Arnheim abrió de par en par los ojos. Sorprendentemente, eran de un azul celeste de bebé.
—Sí, jefe, es lo que hice. No obré mal, ¿verdad?
Anderson hizo un gesto de indiferencia.
—Supongo que no. Pero debió consultarme antes.
Los ojos de Arnheim brillaron.
—No tuve tiempo, jefe. Vi que este tipo sabía algo. Así que le presioné un poco.
—¿Cómo le encontró tan deprisa?
—Fue fácil. En la manta del caballo había impresa la marca de la Bide-Away Farms. Supongo que eso se debía a que el caballo era alquilado. Cuando la Bulkely compró el otro caballo, usó su propia manta. Aquella vez no tuvimos esa pista.
Anderson asintió con la cabeza.
—Muy bien, Arnie —dijo—. Buen trabajo. Ahora quiero que encuentre ese furgón. Si es necesario, mande una patrulla a buscarlo. Si lo encontramos a tiempo, podría significar otra pista.
Cuando el detective salió de la oficina, Anderson se volvió a mí y me preguntó:
—¿Qué sacas en limpio de esto?
—Parece como si el que está detrás de estos crímenes tuviera dinero en abundancia —dije—. ¡Diez mil dólares por un caballo! Y, por lo que puedo ver, el caballo no representa ningún papel esencial en el asunto.
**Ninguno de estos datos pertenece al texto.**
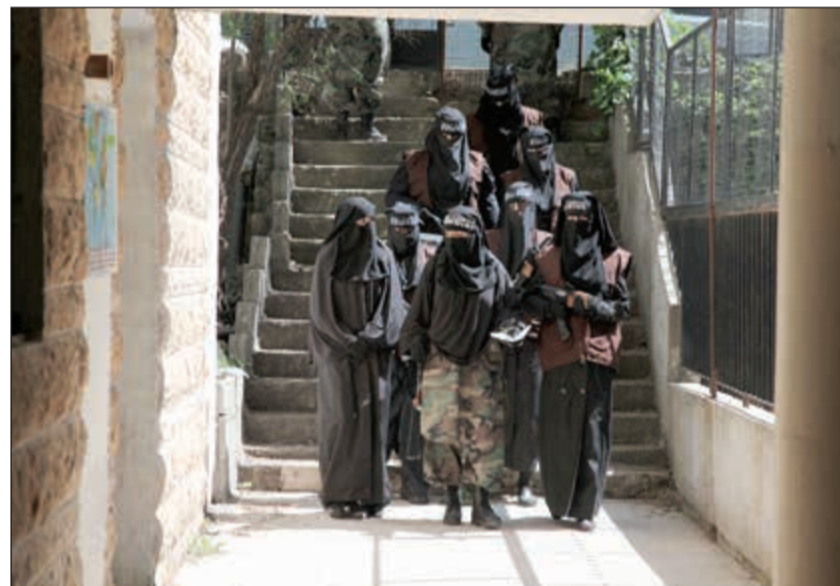
مسلسل «غرايب سود»

الارهابي وممارساته اللانسانية. وقد اهتمت به وسائل الاعلام العربية والغربية، وركزت على اهتمامه بإبراز وجهة النظر النسائية في التنظيم الارهابي اكثر من الرجالية، حيث تعرضت الكثرات للوقوع في براثنه والهلاك مع من هلك.
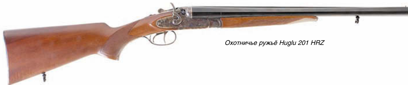
Охотничье ружьё Huglu 201 HRZ

Журнал «КАЛАШНИКОВ» уже писал о турецкой фирме Huglu (№ 6/2007, «Ружья Huglu – другая Турция»), которая среди всех турецких производителей оружия стоит особняком, выделяясь не только горным расположением, но и организацией производства (кооператив в совместной собственности всех работников), а также ассортиментом, где ключевая роль отведена не клонированным итальянским полуавтоматам, а классическим ружьям с вертикальным и горизонтальным расположением стволов.
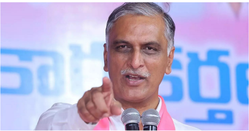
నియోజకవర్గం మధిర సహా పలువురు మంత్రుల నియోజకవర్గాల్లో అత్యధికంగా 4.95 శాతం నుంచి 4.99 శాతం ఎక్సెస్ ధరకు టెండర్లు కట్టబెట్టడం పలు అనుమానాలకు తావిస్తోందని ఆయన ద్వేషమెత్తారు. అలాగే, ముఖ్యమంత్రి వాడుతున్న వాహనం రిజిస్టర్ అయిన సంస్థకి ఏకంగా 9 సూక్ష్మ టెండర్లు ఇవ్వడం వెనుక ఉన్న రహస్యం ఏమిటని ఆయన ప్రశ్నించారు. రాజకీయ పక్షపాతంతో బీఆర్ఎస్ నిట్టిగి ఎమ్మెల్యేలున్న 26 నియోజకవర్గాలకు ఈ సూక్ష్మ

తెలంగాణలో కాంగ్రెస్ ప్రభుత్వం చేపట్టిన యంగ్ ఇండియా ఇంటిగ్రేటెడ్ సూక్ష్మ నిర్మాణంలో వందల కోట్ల కుంభకోణం జరుగుతోందని మాజీ మంత్రి బీఆర్ఎస్ డిప్యూటీ స్పీకర్ బిడర్ హరీశ్ రావు సంచలన ఆరోపణలు చేశారు. అసెంబ్లీలోని బీఆర్ఎస్ ఎంపీల పేర్లతో కార్యాలయంలో శుక్రవారం జరిగిన మీడియా చీట్ చాట్ లో ఆయన మాట్లాడుతూ, టెండర్ల ప్రక్రియలో కాంట్రాక్టర్లు 'అర్బన్ డెవలప్ మెంట్' గా ఏర్పడి ప్రజాధనాన్ని కొట్టేస్తున్నారని మండిపడ్డారు. ఈ స్కామ్ లకు సంబంధించిన పూర్తి ఆధారాలు తన వద్ద ఉన్నాయని, వీటిని అసెంబ్లీ సాక్షిగా బయట పెడతానని ఆయన హెచ్చరించారు. రాష్ట్రవ్యాప్తంగా 76 సూక్ష్మ నిర్మాణానికి ప్రభుత్వం అందంగా వేసిన రూ. 10,199.54 కోట్లను, కాంట్రాక్టర్లు పక్కా ఫ్రాన్స్ లో రూ. 10,693.55 కోట్లకు దక్కించుకున్నారని హరీశ్ రావు ఆరోపించారు. దీనివల్ల సుమారు రూ. 494 కోట్ల అదనపు భారం ప్రజలపై పడుతోందన్నారు. ముఖ్యంగా సీఎం రేవంత్ రెడ్డి నియోజకవర్గం కొండగల్, డిప్యూటీ సీఎం భట్టి విక్రమార్కు
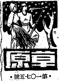
灰色的靈魂 無名氏

灰色的靈魂 無名氏 在一個灰暗的早晨，我獨自走在荒涼的小徑上。四周是死寂的，只有幾聲鴉兒的啼叫，劃破這沉重的空氣。我想起那雙灰色的眼睛，那雙曾經在深夜中閃爍過光芒的眼睛。
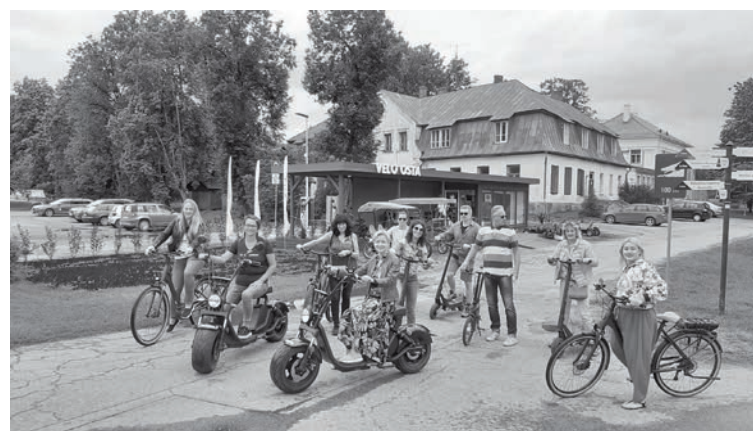
Latvijas tūroperatoru uzņemšana Alūksnē

Investīcijas aizsargājamo ainavu apvidū "Veclaicene", nacionālais novērtējums kā EDEN labākajam labjūtes galamērķim, teritorijas iekļaušana garās distances pārrobežu pārgājienu maršrutā "Mežtaka" un Covid-19 ierobežojumi, veicinājis dabas tūristu pieaugumu šajā teritorijā. Dabas māju pieprasījums pieaudzis ne tikai vasarā, bet arī ziemas mēnešos, kopā pārsniedzot 400 rezervētās nakts. Viesu novērtēti ir arī pašapkalpošanās tūrisma punkti Kornetos (2020. gadā 6875 apmeklētāji) un uz A2 šosejas (2020. gadā – 1876 apmeklētāji). Tas vēlreiz apliecina aizsargājamo ainavu apvidus potenciālu tūrisma piesaistei
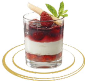
Panna Cotta Fr. 8.50
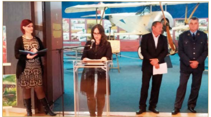
Отварање изложбе (горе) и публика (доле).
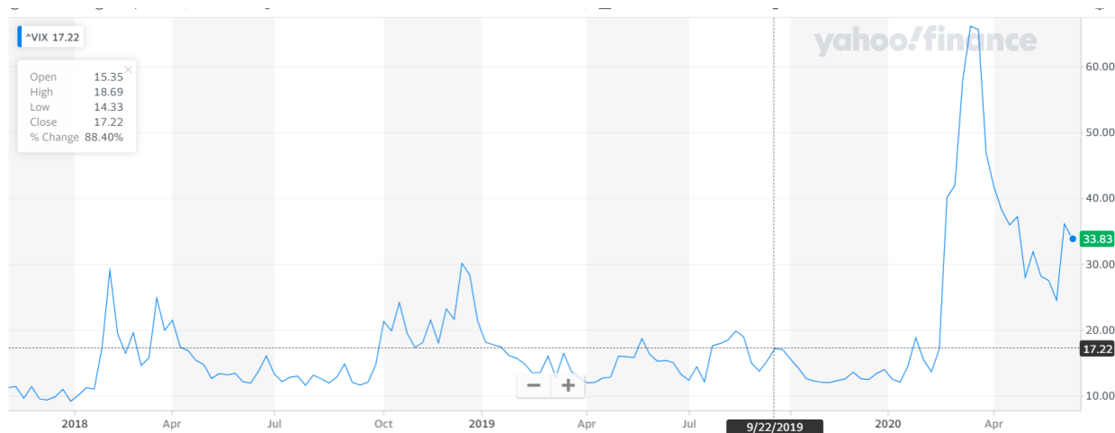
Pav.3 VIX indekso pokyčiai.

Šios problemos taip pat atsispindėjo ir svyravimo indekse, kuris atspindi baimes. VIX indeksas vėl kilstelėjo link 34 punktų, kas rodo, kad su 60 proc. tikimybe SP500 indeksas per artimiausią mėnesį gali svyruoti +/-3,5 proc. ribose.
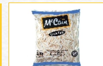
BATATA MCCAINN: Pacotes com 2,25Kg e 7mm
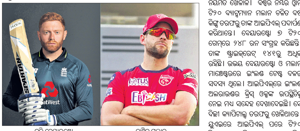
ଜନ ବେୟାର୍ଣ୍ଟୋ ବାସ୍କିଏ ମଲାନ
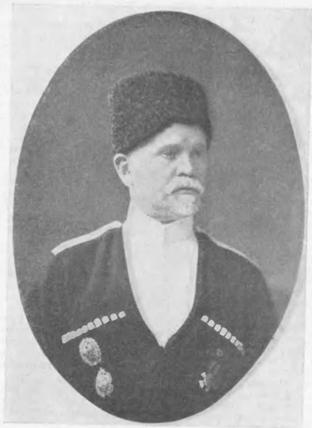
Генерал-лейтенант О. Філімонов — отаман Кубані

Останній — військовий юрист, працював на адміністративних посадах, не нюхаючи пороху. Революція застала його на посаді отамана Лабінського Відділу. Полк. Філімонов був дуже спритний інтриган, без обтяження будь-якими моральними мотивами, ніби росій-
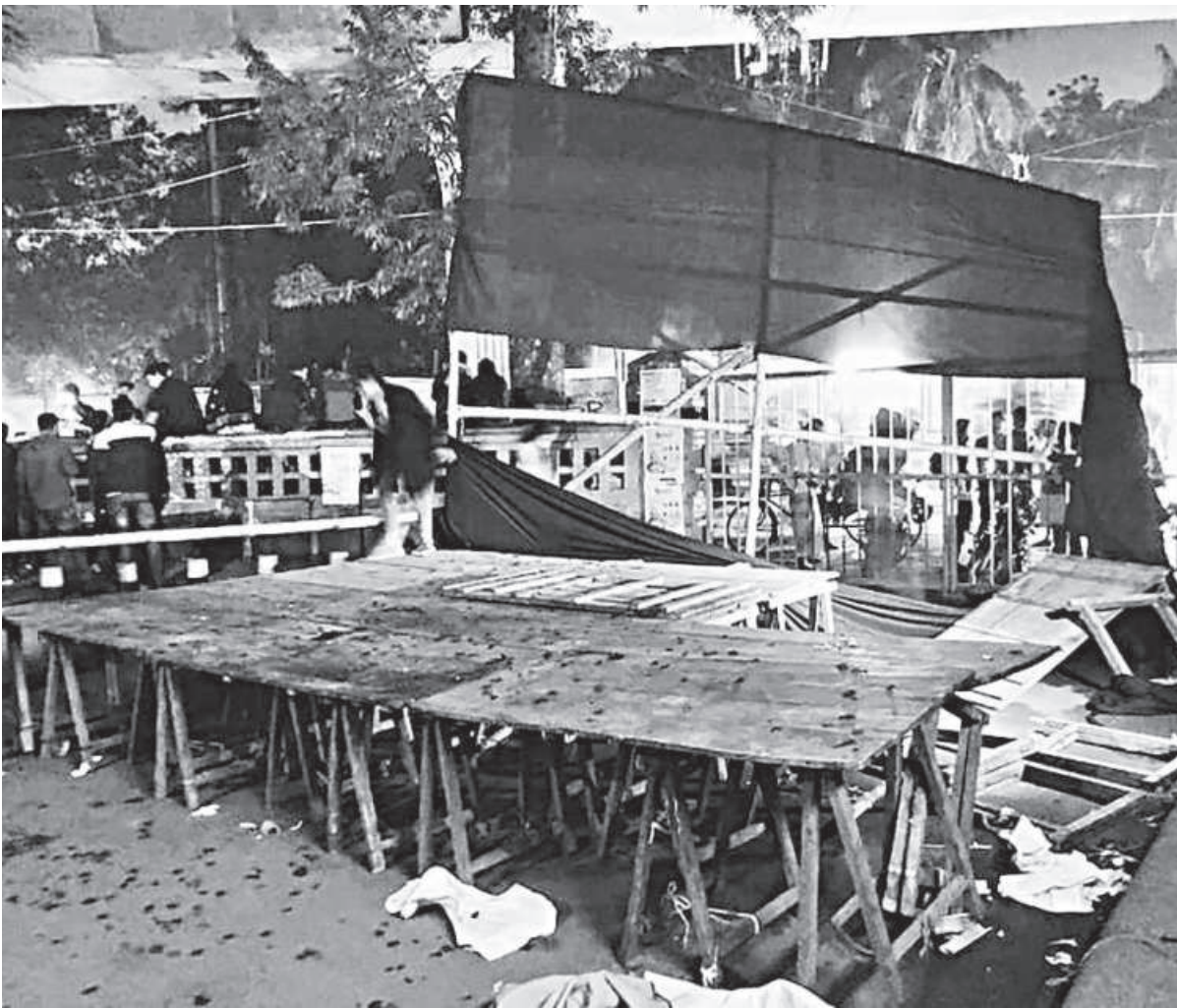
A view of a damaged stage at Dhaka University's TSC area where a Qawwali programme was scheduled to take place on January 12, 2022.
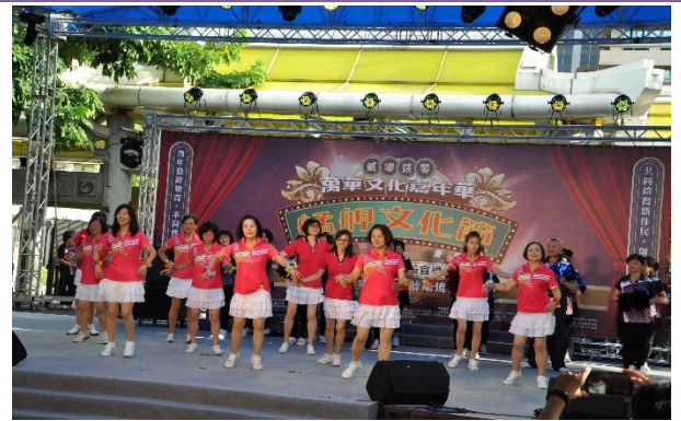
福音里-舞克拉樂齡舞團
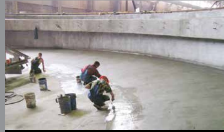
Tanque Salino Solikamsk (Planta Química), Rusia
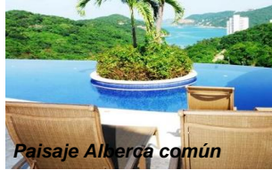
Paisaje Alberca común
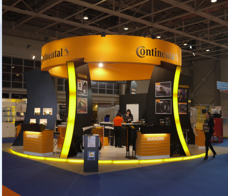
▲ 3M, Continental, Inno Robotics
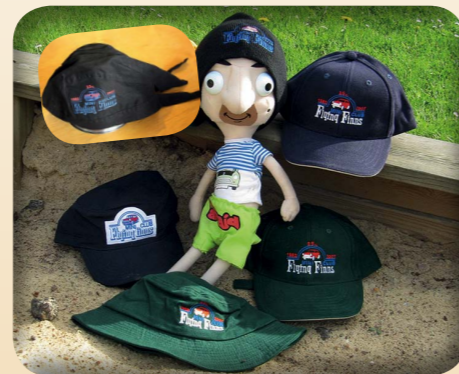
PANDANA 8€, PIPO 15€, LIPPIS 12€, LIPPIS RETRO 15€, KALASTAJAHATTU 12€
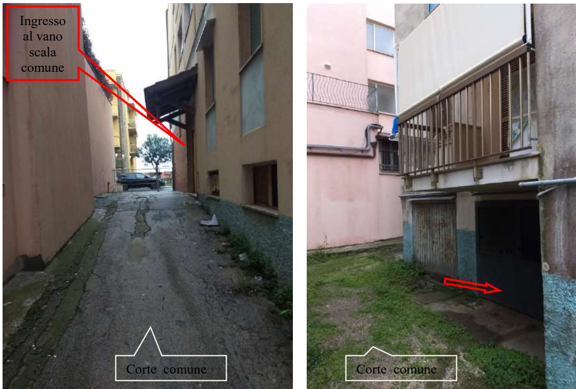
FOTO N.23/24 – Vista della corte condominiale laterale con ingresso dalla Via XXIV Maggio e retrostante con l'ingresso al locale autorimessa dalla corte comune antistante.
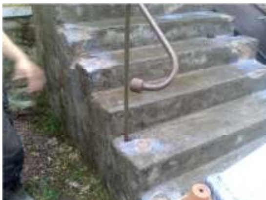
Efter behandlingen med saltsyra och primer.

Gjutningarna har skyddats med byggplast (se omslaget). Till formarna har använts formplyfa och ribbor, vilka under arbetet skruvades fast i den äldre betongen. Efter att samtliga steg renoverats har vangsidaorna omputsats ut i nivå med stegen. Nytt bruk till både gjutning och putsning var Finja Bemix 310 High tech.
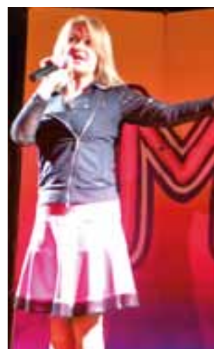
Majka Jeżowska w trakcie występu w Głownie.

W sali MOK zabrzmiały jej największe hity, takie jak choćby znane i o wiele starszej i szerszej publiczności „Wszystkie dzieci nasze są”. Jeśli mali słuchacze nie znali tekstu którejś z piosenek, artystka szybko uczyła ich choćby refrenu, co pomogło w wspólnej zabawie. W czasie występu nie zabrakło też innych atrakcji, jak choćby możliwości otrzymania plakatów, zdjęć, a nawet płyt
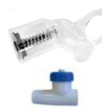
Misuratore di flusso e valvola di regolazione
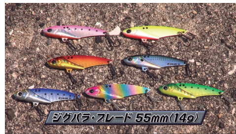
ジグバラ・スレード 55mm(14g)

思い切り投げて、ただ巻くだけで魚の捕食スイッチにハイアピール。日本中のソルトフィッシャーが狙えます。巻き抵抗をほどよく抑えつつ簡単には浮き上がらず、しっかりと波動を起こす絶妙な水押し感はレンジキープ必須のブレードゲームに最適です。 □100mm/35g □100mm/27g □75mm/23g □75mm/18g □55mm/14g □各7色
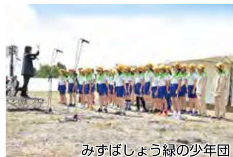
みずばしょう緑の少年団
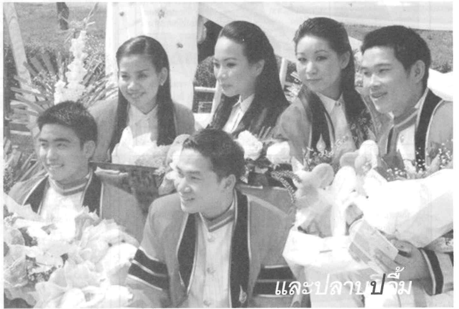
และปลาบปลื้ม
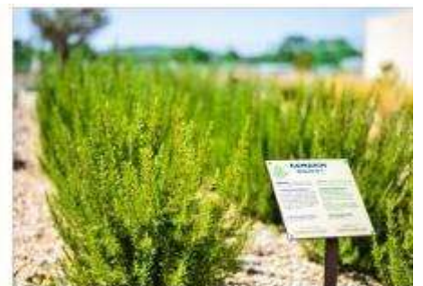
The Mediterranean Garden
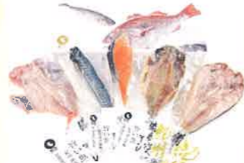
株式会社紀州高下水産 紀州備長炭熟成干物セット
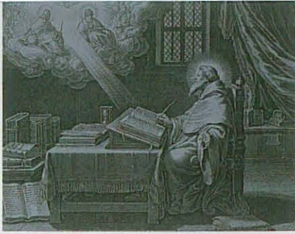
Agostinho em êxtase perante a Santíssima Trindade. Gravura de Bolswert. Bibliothèque Nationale de France.
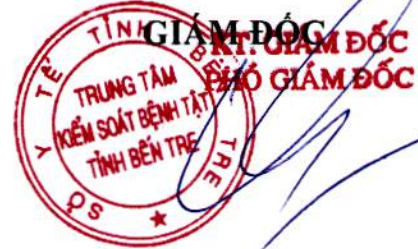
Phạm Hồng Thái
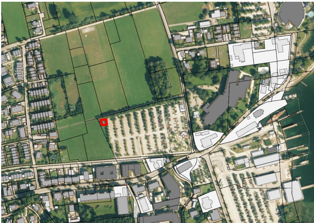
Abb. 1: Übersicht über die Lage und den Umgriff (rot) des Änderungsbereichs

Ca. 450 m Östlich befindet sich der Hafen Prien am Chiemsee und das Ostufer des Chiemsees. Westlich an den geplanten Maststandort schließen Grünflächen und nach ca. 100 m Wohnbebauung an. In ca. 100 m südlicher Entfernung verläuft die historische Eisenbahnlinie Prien am Chiemsee – Prien Stock südlich davon schließt weitere Siedlungsbebauung an. Nachfolgende Abbildung zeigt eine Übersicht:
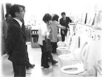
トイレがたくさん！
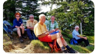
Auf dem Piesenkopf, Oberallgäu
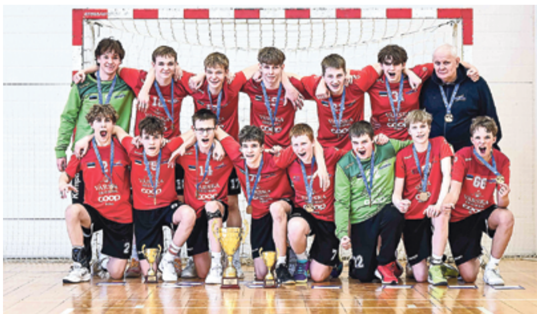
U 16 Eesti meister 2026 – Põlva Spordikooli U16 käsipallimeeskond.
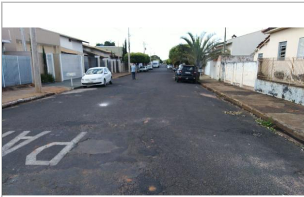
Trecho 05 - Rua Aurora Soares Gerales 20°44'09.5"S 49°35'09.7"W

—Le da un toque grotesco —comentó Sonia, que intervenía de vez en cuando.
Eso me recordó lo que había dicho Bill Sommers: que el asesino era un hombre con sentido del humor. No podía sacarme esa idea de la cabeza.
—¿Qué papel crees que desempeñan los caballos en estos crímenes? —le pregunté a Anderson.
—Los criminales, especialmente los asesinos, aman lo sensacional. Con frecuencia se delatan agregando un toque inútil, pero melodramático, a sus crímenes. Espero que sea así ahora.
—¿Las pruebas que reunió el señor Arnheim no demuestran que ambos crímenes son obra de la misma persona? —preguntó Sonia.
Insistía en volver al mismo punto, lo que era típico de una mujer. Sonreí. Anderson también le sonreía.
—Demuestran que Nan Bulkely estuvo implicada las dos veces. Pero eso ya lo sabíamos.
Se me ocurrió una idea.
—Hay algo más, también —dije—. Suponiendo que Sonia tenga razón y que la misma persona haya matado a Francés y a Nan... entonces sabemos que esta vez disponía de menos dinero que antes.
—¿De qué lo deduces?
—La primera vez el caballo fue comprado, ¿no? Y esta vez sólo fue alquilado. ¿No indica algo?
Anderson sonrió y negó con la cabeza.
—«Él» no compró ni alquiló los caballos. Nan Bulkely compró uno y alquiló el otro. Pudo haber actuado como agente para alguien, y es muy probable que fuera así. Pero aún no tenemos pruebas al respecto.
Tomó otro de los informes y, después de mirarlo con atención un momento, movió la pequeña palanca de su intercomunicador.
—Haga pasar a la señorita Hannover —dijo. Me miró—. Denise Hannover era la compañera de cuarto de Nan Bulkely. Cuando mis hombres examinaron el apartamento de la Bulkely esta mañana, la encontraron allí. Así dice el informe: «Cuando se le informó de la muerte de la señorita Bulkely, la señorita Hannover tuvo una crisis. Después dijo: "Yo sé quién la mató." Fue puesta bajo custodia de protección.»
Sentí un súbito frío. Recordaba la actitud de Nan hacia mí la tarde anterior. Había actuado como si yo fuera el culpable. ¿Acaso esa chica Hannover sabría algo sobre mí que yo ignoraba, algo que yo había olvidado? Yo sabía que mis temores eran neuróticos y que estaban condicionados por la extrema dureza e inseguridad de los últimos meses de mi vida, pero seguían siendo muy reales. Me pasé un pañuelo por la frente, para secarme el sudor. Vi que Sonia estaba preocupada: seguramente había notado mi repentina palidez. Afortunadamente, Anderson me daba la espalda y esta vez no vio mi reacción. Denise, más joven y bonita que antes, entró en la oficina. Tenía los ojos enrojecidos por el llanto.